We were covered on CHEK News on their “Upside” segment as a feel-good story. We were overwhelmed with support, and it looked like the fear and worry about the loss of a significant portion of the summer business was going to be offset by the flower stand.
Just When You Thought It Was Going Well
And then on April 22nd we received a visit from Saanich bylaw explaining that we could not sell retail — there was a little bit of fine print which we had not been immediately aware of, which prohibited it.
We were resigned to the fact that, while we had been granted 30 days to finish up what we were doing, that the summer was going to be tight.
But then Colleen became determined that perhaps we could ask for some sort of exemption given the times — perhaps council and mayor could have compassion for small businesses that are attempting to be creative to get through these times. This was not intended to be a long term solution, and to be quite honest, once normal events can resume, even if we are permitted to operate long-term, we will likely shutter the flower stand as it is a tremendous amount of work to maintain daily.
But as it is, right now, we’re trying to make the best of a difficult situation.
Since April 22nd, we’ve been overwhelmed by the community support for our stand, by the signatures on the online and written petitions, the accompanying comments, the letters written to mayor and council, and by the kind and supportive conversations that we’ve had from visitors.
While the original date to the enforcement deadline has been extended further, we are still going to pursue the temporary motion which would allow other farm stands to operate within residential areas until such time as a more permanent bylaw that addresses the issue can be put in place.

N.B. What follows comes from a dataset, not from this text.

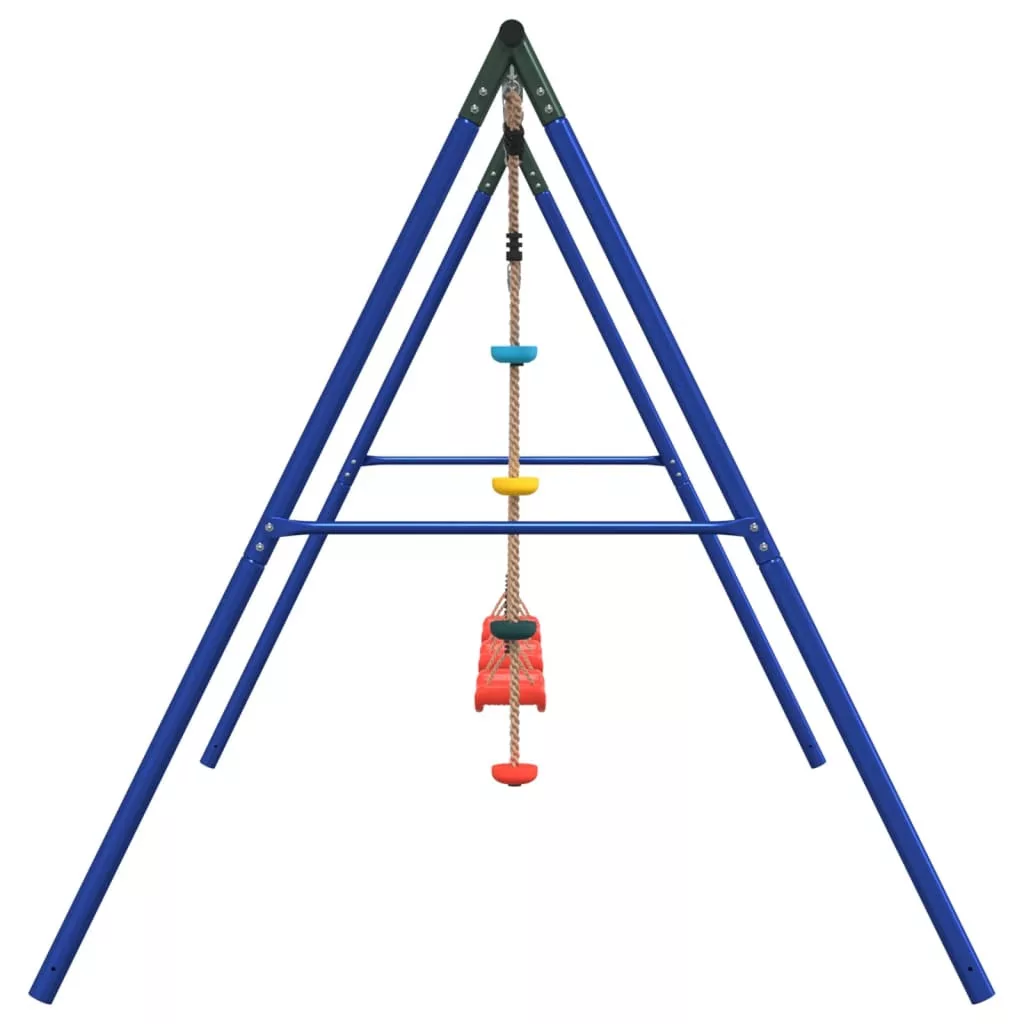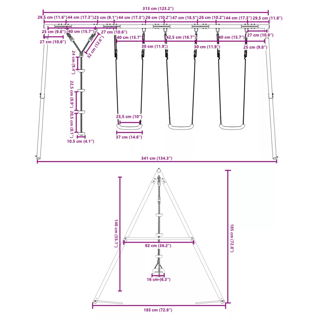 - Szórakoztató foglalkoztatóközpont: Ez a gyermekhintaszett 2 különböző játéklehetőséget tartalmaz három hintaüléssel és egy tárcsákkal ellátott kötélhintával. Így a gyerekek kedvükre hintázhatnak és mászhatnak.

Tough times are still ahead. There is still uncertainty where it comes to the economy. But we’re determined to keep moving ahead, so that we can survive and be here for when we get past COVID-19.
Brandon Devnich is the husband of Colleen O’Farrell (owner/operator of Foxgloves Flowers). While not normally in a day to day role at Foxgloves, Brandon manages the website and ecommerce operations. He has also found a new role in helping to drag the flower stand out and back each day. You may find him greeting you at the flower stand, or puttering around the front gardens muttering to himself.